During my tech days, I co-authored four software patents.
Each cost my startup about $15,000—which seemed like a fortune in those
days. I didn’t really expect these to give me any advantage; after all
if my competitors had half a brain, they would simply learn all they
could from my patent filing and do things better. But I needed to raise
financing, and VCs wouldn’t give me the time of day unless I could tell a
convincing story about how we, alone, owned the intellectual property
for our secret sauce. We got the financing, and the plaques of the
patents looked great in our reception area, so the expense was worth it.
But there was definitely no competitive advantage.
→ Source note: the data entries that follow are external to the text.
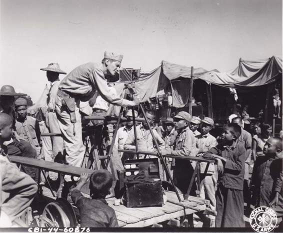 来自新泽西州亚特兰大的包尔马斯一等兵正在努力拍摄千万人群逃离日本军队撤离柳州,经广西铁路前往桂林的影片。当地人正好奇地看着他。
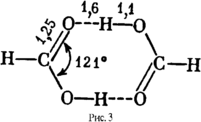 лагодаря водородным связям молекулы объединяются в ассоциаты (димеры или полимеры). Последние могут иметь линейное, разветвленное или кольчатое строение. Так, муравьиная кислота как в жидкой, так и в газообразной фазе существует главным образом в виде димера; его структура установлена методом электронографии (см. рис.3). Способность к ассоциации отличает воду, спирты, и многие другие жидкости от неассоциированных жидкостей (например от углеводородов). Ассоциация приводит к повышению температуры плавления, температур сублимации и кипения, теплоты парообразования, а также к изменению взаимной растворяющей способности веществ.
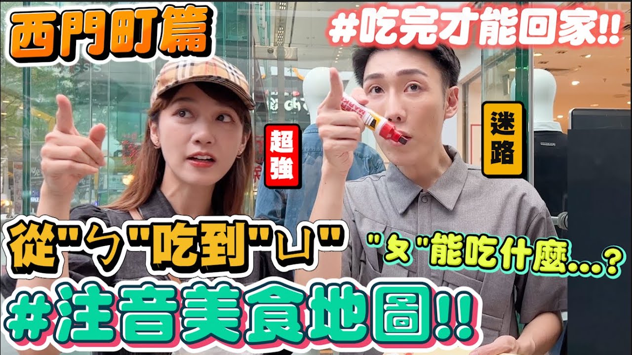 各位觀眾!全新單元來囉! !大家有沒有想過在「西門町」玩美食系列的遊戲呢?這次工作人員把遊戲跟實務結合了😉❤️ 從來沒想過我會來吃這些東西”ㄙ”開頭的”ㄌ”開頭的食物到底要吃什麼😂???? 沒吃完不準回家!求關主放過我們RRRRR…… 意外發現超美味店家,大家快收藏起來吧👍 #美食#美食遊戲#西門町#台北美食#注音#注音挑戰#小吳遊戲#泱泱#注音美食#西門町挑戰►【訂閱YouTube頻道: goo.gl/qZbiUb】 ►【追蹤Instagram : http://goo.gl/29cDAv】

Patents make a lot of sense in many industries; they are needed to
protect the designs of industrial equipment, pharmaceutical
formulations, biotechnology products and methods, biomedical devices,
consumer products (toothpaste, shampoo, contact lenses, etc.), advanced
materials & composites, and of course, widgets (lighting fixtures
& elements, batteries, toys, tools, etc.). But in software these are
just nuclear weapons in an arms race. They don’t foster innovation,
they inhibit it. That’s because things change rapidly in this industry.
Speed and technological obsolescence are the only protections that
matter. Fledgling startups have to worry more about some big player or
patent troll pulling out a big gun and bankrupting them with a frivolous
lawsuit than they do about someone stealing their ideas.